Interpolating Between 2 Angles

Question

I'm trying to understand how this works, and mathematically I'm having difficulty.

Given 2 angles between $(-2\pi, 2\pi)$: $\theta$ and $\phi$ I want to interpolate between them by the ratio: r.

My problem is this, when interpolating between say 0 and $15\pi/8$ I don't want to get $15\pi/16$ I want to get $31\pi/16$ or $-\pi/16$.

Some math for this has been presented here: https://stackoverflow.com/a/14498790/2642059 But I can't prove to myself that for any valid $\theta$-$\phi$ combination this is workable. Can someone help me? The equation is:

$$\phi + ((((\theta-\phi)\%2\pi+3\pi)\%2\pi)-\pi)r$$

Answer 1

From origine 0 to angle

If $0\le\theta\le\pi$ then interpolation from $0\to\theta$ is $r\theta$.

If $-\pi\le\theta\le0$ then interpolation from $0\to\theta$ is also $r\theta$ (this is your short path requirement).

If $\pi\le\theta\le2\pi$ then $-\pi\le(\theta-2\pi)\le0$ and interpolation from $0\to\theta$ is then $r(\theta-2\pi)$.

If $-2\pi\le\theta\le-\pi$ then $0\le(\theta+2\pi)\le\pi$ and interpolation from $0\to\theta$ is then $r(\theta+2\pi)$.

Between two angles

This is very similar, just shift the origin by $\theta_0$ and use $\theta=\theta_1-\theta_0$

If $\theta_0\le\theta_1\le\theta_0+\pi$ then interpolation $\theta_0+r(\theta_1-\theta_0)$.

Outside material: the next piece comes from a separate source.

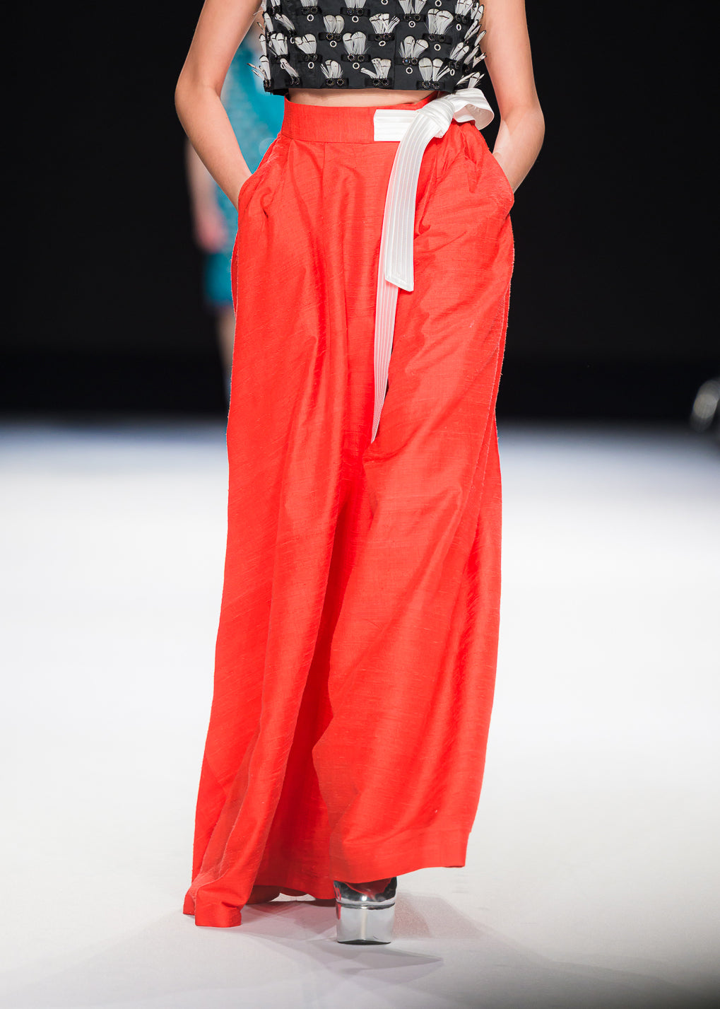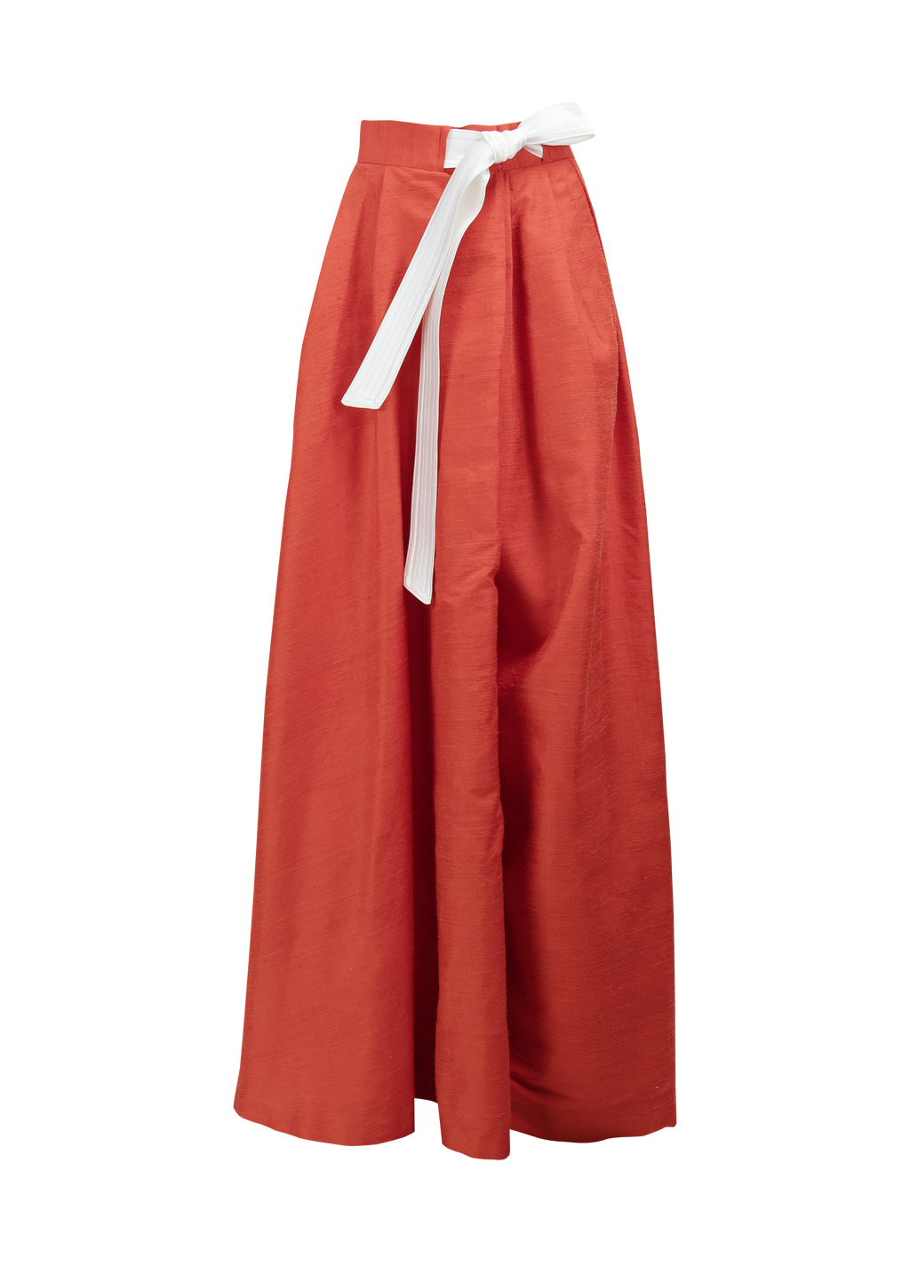 High-waisted silk pants with a wide-leg silhouette and contrast waist tie.

If $\theta_0-\pi\le\theta_1\le\theta_0$ then interpolation is $\theta_0+r(\theta_1-\theta_0)$.

If $\theta_0+\pi\le\theta_1\le\theta_0+2\pi$ then interpolation is $\theta_0+r(\theta_1-\theta_0-2\pi)$.

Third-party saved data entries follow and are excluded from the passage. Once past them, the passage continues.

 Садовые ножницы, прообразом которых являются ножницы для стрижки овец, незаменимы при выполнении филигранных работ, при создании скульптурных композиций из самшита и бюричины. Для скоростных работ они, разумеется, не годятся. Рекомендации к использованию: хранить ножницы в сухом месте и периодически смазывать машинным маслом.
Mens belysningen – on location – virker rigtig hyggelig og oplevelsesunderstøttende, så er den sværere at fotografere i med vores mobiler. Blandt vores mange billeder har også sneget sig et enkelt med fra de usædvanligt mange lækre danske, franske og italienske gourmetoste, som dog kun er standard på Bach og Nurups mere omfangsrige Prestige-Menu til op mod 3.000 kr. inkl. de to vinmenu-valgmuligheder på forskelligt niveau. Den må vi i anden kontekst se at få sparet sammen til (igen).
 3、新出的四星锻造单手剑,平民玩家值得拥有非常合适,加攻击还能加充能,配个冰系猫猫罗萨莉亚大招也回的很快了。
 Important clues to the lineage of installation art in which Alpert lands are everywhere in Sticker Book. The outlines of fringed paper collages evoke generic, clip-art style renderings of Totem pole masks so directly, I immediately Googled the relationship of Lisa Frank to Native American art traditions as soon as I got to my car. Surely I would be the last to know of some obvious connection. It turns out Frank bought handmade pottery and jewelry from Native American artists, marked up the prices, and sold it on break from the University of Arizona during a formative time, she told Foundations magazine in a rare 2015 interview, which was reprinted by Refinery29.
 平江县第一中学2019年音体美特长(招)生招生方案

If $\theta_0-2\pi\le\theta_1\le\theta_0-\pi$ then interpolation is $\theta_0+r(\theta_1-\theta_0+2\pi)$.

Conclusion

Now if we want to be in the cases exposed before we need to have $\theta_0\in[-\pi,\pi]$ and $\theta_1\in[-\pi,\pi]$ so that the difference $(\theta_1-\theta_0)\in[-2\pi,2\pi]$

So we do :

$\theta_0:=(\theta_0\mod 2\pi)$ then if $(\theta_0>\pi)$ then $\theta_0:=\theta_0-2\pi$

$\theta_1:=(\theta_1\mod 2\pi)$ then if $(\theta_1>\pi)$ then $\theta_1:=\theta_1-2\pi$

$\varepsilon=sgn(\theta_1-\theta_0)$ [sign function, -1 if <0 and +1 if >0 else 0]

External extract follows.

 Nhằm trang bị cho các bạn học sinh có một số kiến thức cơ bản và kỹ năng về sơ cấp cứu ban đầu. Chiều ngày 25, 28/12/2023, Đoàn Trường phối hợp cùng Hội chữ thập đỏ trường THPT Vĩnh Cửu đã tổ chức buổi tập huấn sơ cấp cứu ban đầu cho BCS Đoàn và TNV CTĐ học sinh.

Our angles are now correct and we can interpolate :

If $|\theta_1-\theta_0|\le\pi$ then $\theta(r)=\theta_0+r(\theta_1-\theta_0)$

If $|\theta_1-\theta_0|\ge\pi$ then $\theta(r)=\theta_0+r(\theta_1-\theta_0-2\varepsilon\pi)$

Note that for $(\theta_1-\theta_0)=\pi$ it's up to you to chose the side, your short path requirement introduce a discontinuity there.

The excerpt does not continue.